In May 1915 the ground floor shop was leased to Low & Hughes Golf Shop.  George Low was a professional golfer and had won the Metropolitan Open Golf Championship in 1906 and 1907.  His partner in the new venture was Harry J. Hughes who, according to The Record & Guide, "started in the golf business...many years ago when golf was new in America."

Later that year, in December, Annette Wagner Sherman sold the building to the Surety Realty Company for $150,000 (around $3.65 million in 2016).  The firm announced it would "improve the site with a commercial building."  But for some reason those plans never came to be.

Near tragedy came in the form of fire on the afternoon of June 2, 1916.  Hearing the cries of "Fire!" around 3:00, mounted Policeman George Suller galloped to the scene where, according to The Times, "he saw six women at a big window on the third floor, which is occupied by Valligny, the hair-dressers.  They were trapped, they said, by the heat from a fire in the hall of the building and were ready to jump."

One-by-one, however, policemen were able to rescue the women by smashing windows and pulling them into an adjoining building.  In the meantime, another policeman, Officer Suller, entered the blazing building looking for other trapped victims.  "Presently...he came out with Pierre Valligny, whom he had found in an air shaft at the top of the house, unable to get to the street or to the big window, because of the intense heat.  A large crowd which had gathered cheered the policeman as he emerged with the man he had saved."

Low & Hughes was carrying more than $10,000 worth of stock at the time; but none of it was damaged, even by the water.

In 1919, the same year that Carlton Studios Antiques took the parlor floor shop, artist Janet Scudder leased space on an upper floor.  The sculptress was well-established by now and was, perhaps, as well known for her feminist and suffragist efforts as for her artwork.  The ground floor became the Ye Old English Coffee House that year, where 'luncheon, afternoon tea, and dinner" were served.

But on November 1, 1925 the Bridge Whist Club opened here--a much different sort of operation. The Bridge Whist Club was a high-end speakeasy.  But it was like no other illegal nightclub in New York.  While well-dressed patrons enjoyed champagne and gin and bootleggers delivered shipments of contraband liquor, it was all being paid for by the Federal Government.

As Edward Behr pointed out in his 1996 Prohibition: Thirteen Years that Changed America, "Wire-linked microphones, built into the club's lampshades, were connected to the earphones of a battery of stenographers working around the clock on a shift basis."  The expensive, undercover sting operation was set up to gather evidence on bootleggers.

On December 20, 1926 A. Bruce Bielaski, head of the Government's under-cover operatives, had to explain the operation to Federal Judge Francis A. Winslow.  The New York Times reported that he explained "he had dealt with bootleggers there solely to obtain information against them and seizing their liquor."

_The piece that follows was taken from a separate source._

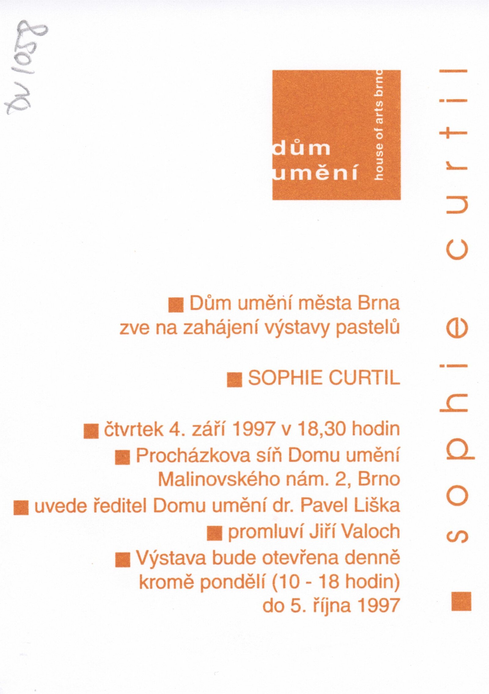 Sophie Curtil: Dům umění města Brna, Procházkova síň, 4. 9. – 5. 10. 1997 / Text: Jiří Valoch. – Brno: DUmB, 1997. – skládačka (6 s., obr.), DU 1058. – MZK

The judge and the public at large seem to have viewed the covert and expensive operation disapprovingly.

In 1931 the third through fifth floors were converted to "bachelor apartments" by architect Patrick J. Murray.  The former Bridge Whist Club space became the Game Cock restaurant perhaps best known for its annual Christmas dinners for underprivileged children.  Owner Jack Stutz entertained and fed more than 200 children every year into the 1950s.   On December 20, 1939 a newspaper reported "this afternoon, Frank Buck will tell adventure tales and Judge John Warren Hill, presiding justice of the Domestic Relations Court, is scheduled to serve as Santa Claus."


The upstairs apartments, two per floor, remained until 1970 when they were converted to office space.  Today the 20th century neo-Georgian commercial store front remains, heavily altered.  And peeking out from above are the two upper floors of Senator Webster Wagner's home where millionaires William H. Vanderbilt and Chauncey Depew once toasted a new marriage.